* _DATA EXTRACT_
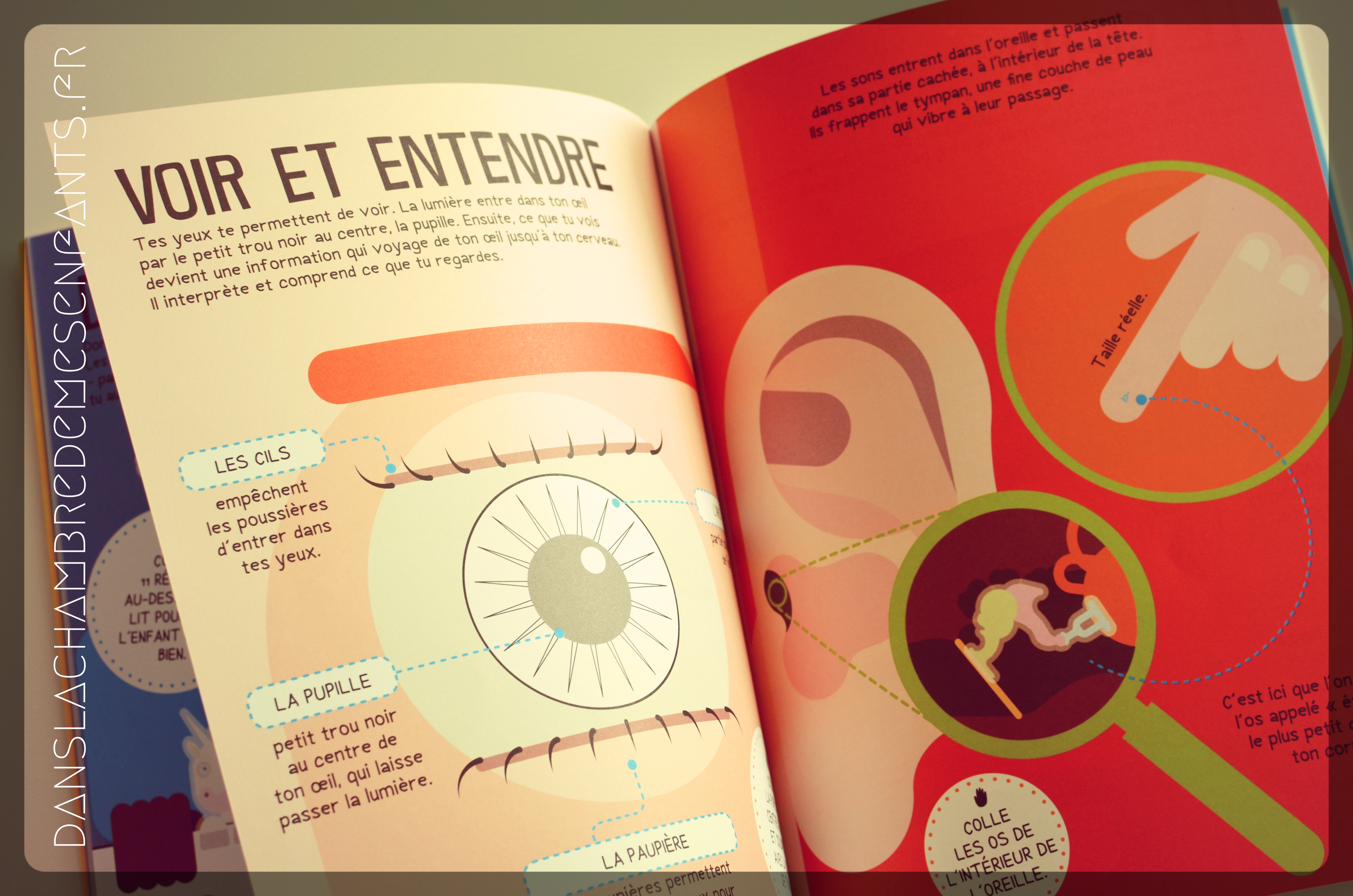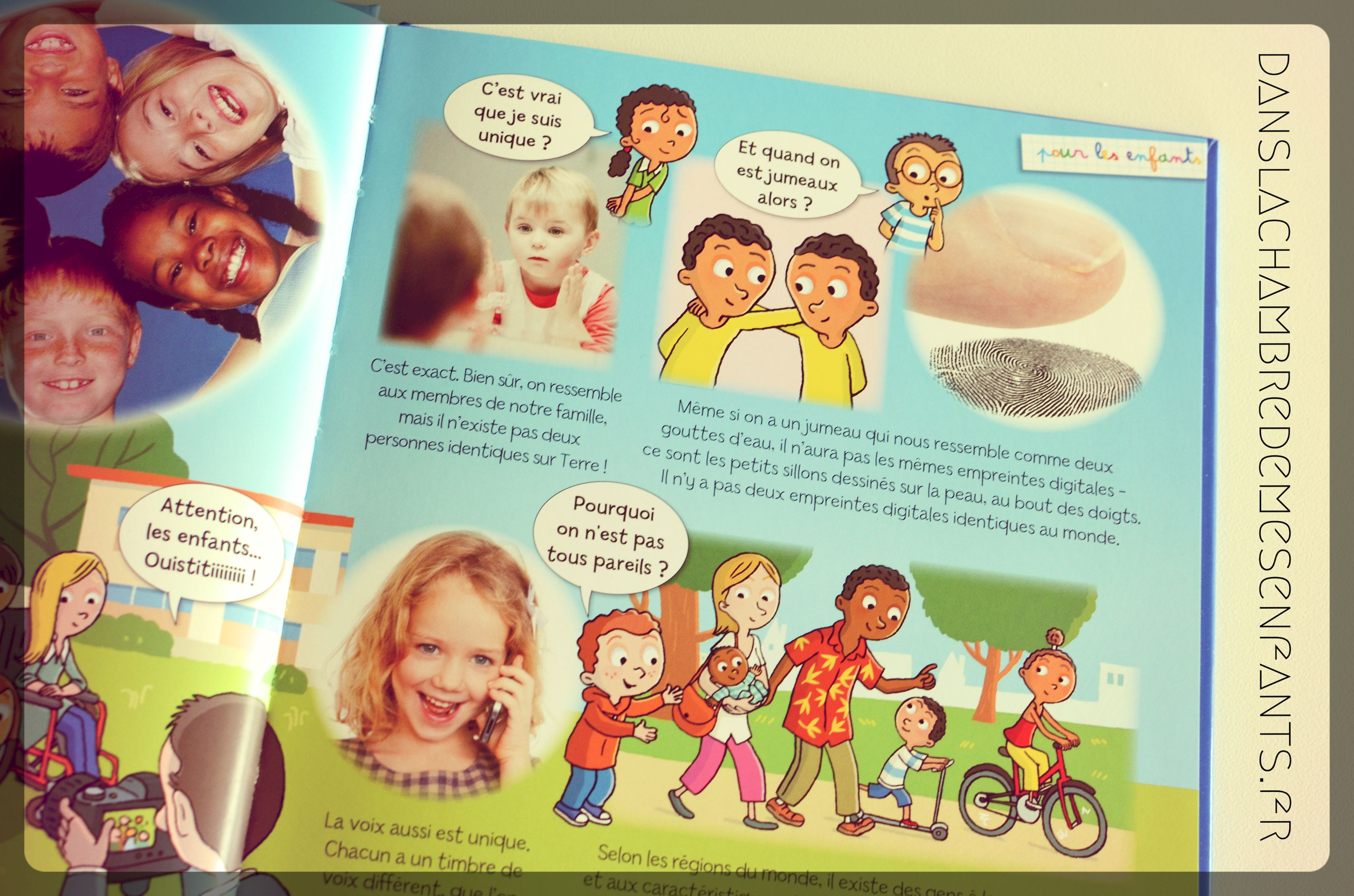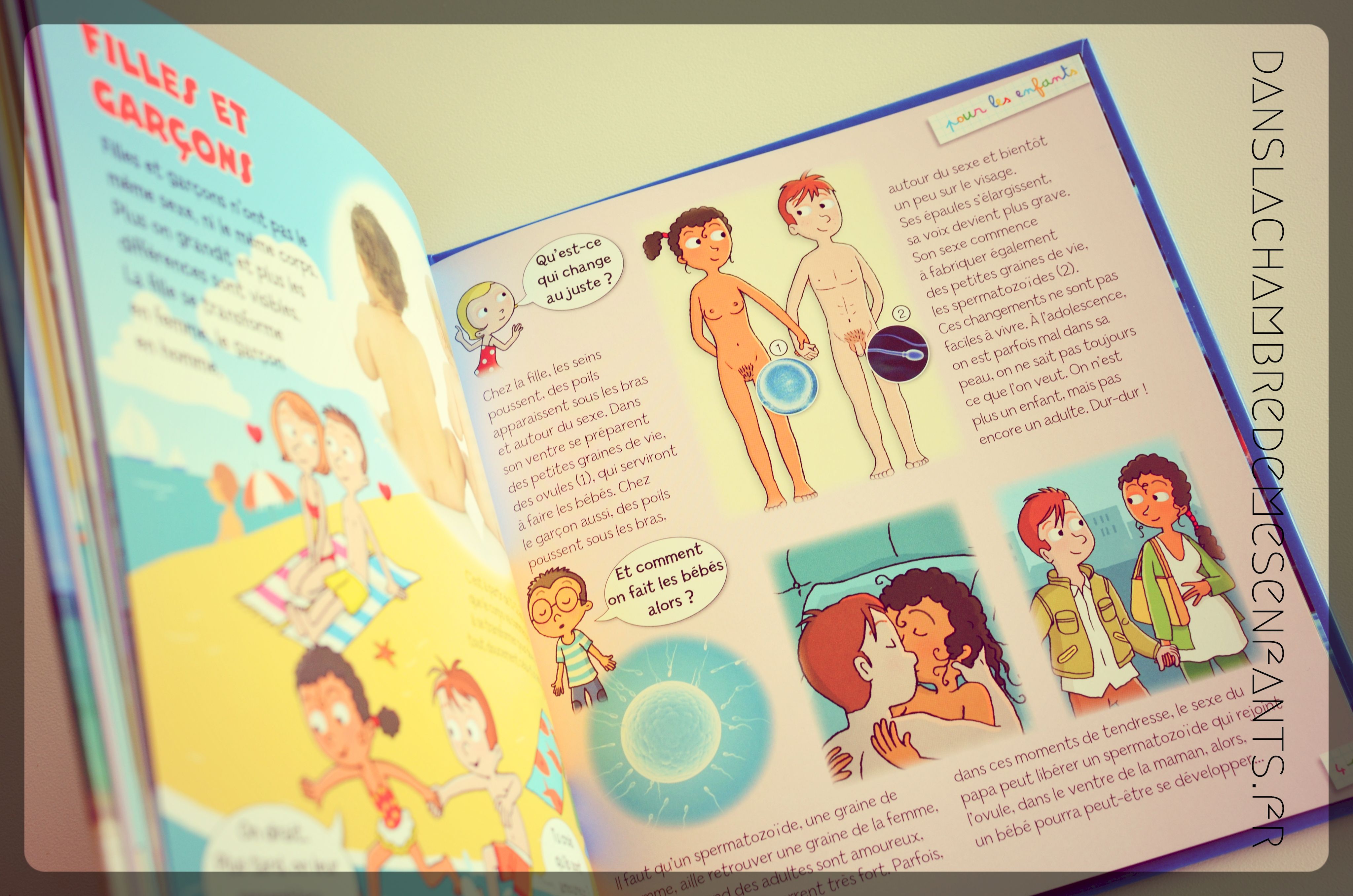 C’est un documentaire pertinent mais j’avoue trouver cette présentation trop encombrée (trop d’informations diverses [explications, dessin, bulles, annotations…]) ce qui complique, à mon avis, l’approche. Il fouille le sujet plus comme le ferait un adulte pour le côté (presque) exhaustif car il va au-delà du questionnement des enfants (ex : système nerveux), ce qui est tout de même intéressant. Mon fils l’a parcouru mais il n’a pas tenu jusqu’au bout et je m’y suis attardée avec lui plus tard sur des sujets sélectionnés. En effet, le passage consacré à la conception et la naissance des bébés est assez précis mais je trouve, personnellement, mon fils un peu jeune pour en savoir autant. C’est un point de vue qui n’appartient qu’à moi… maman poule ou sujet un peu gênant encore pour moi (il n’a que 6 ans…) peu importe.
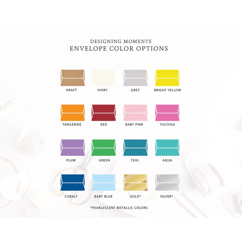 - Our Quality — Cards are printed on premium 110lb smooth, white cardstock using archival inks, giving it a crisp and vivid look. Envelopes are 70lb and come with a square flap closure.
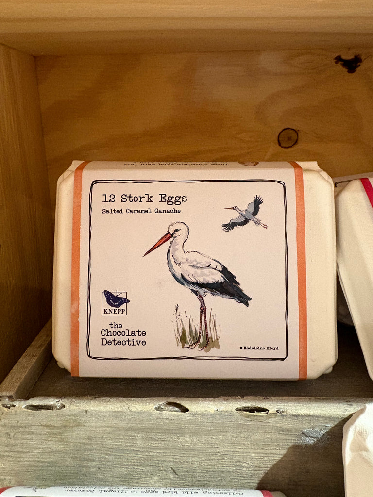 12 Chocolate Eggs filled with Salted Caramel. Layers of dark and milk chocolate are then filled with ganache and gently salted caramel before being wrapped in a fine sugar shell and life-like speckles.

* _TASK REQUIREMENTS_
Copy each line above exactly. Images do not belong in the copy.

* _WRITTEN RESPONSE_
 C’est un documentaire pertinent mais j’avoue trouver cette présentation trop encombrée (trop d’informations diverses [explications, dessin, bulles, annotations…]) ce qui complique, à mon avis, l’approche. Il fouille le sujet plus comme le ferait un adulte pour le côté (presque) exhaustif car il va au-delà du questionnement des enfants (ex : système nerveux), ce qui est tout de même intéressant. Mon fils l’a parcouru mais il n’a pas tenu jusqu’au bout et je m’y suis attardée avec lui plus tard sur des sujets sélectionnés. En effet, le passage consacré à la conception et la naissance des bébés est assez précis mais je trouve, personnellement, mon fils un peu jeune pour en savoir autant. C’est un point de vue qui n’appartient qu’à moi… maman poule ou sujet un peu gênant encore pour moi (il n’a que 6 ans…) peu importe.
 - Our Quality — Cards are printed on premium 110lb smooth, white cardstock using archival inks, giving it a crisp and vivid look. Envelopes are 70lb and come with a square flap closure.
 12 Chocolate Eggs filled with Salted Caramel. Layers of dark and milk chocolate are then filled with ganache and gently salted caramel before being wrapped in a fine sugar shell and life-like speckles.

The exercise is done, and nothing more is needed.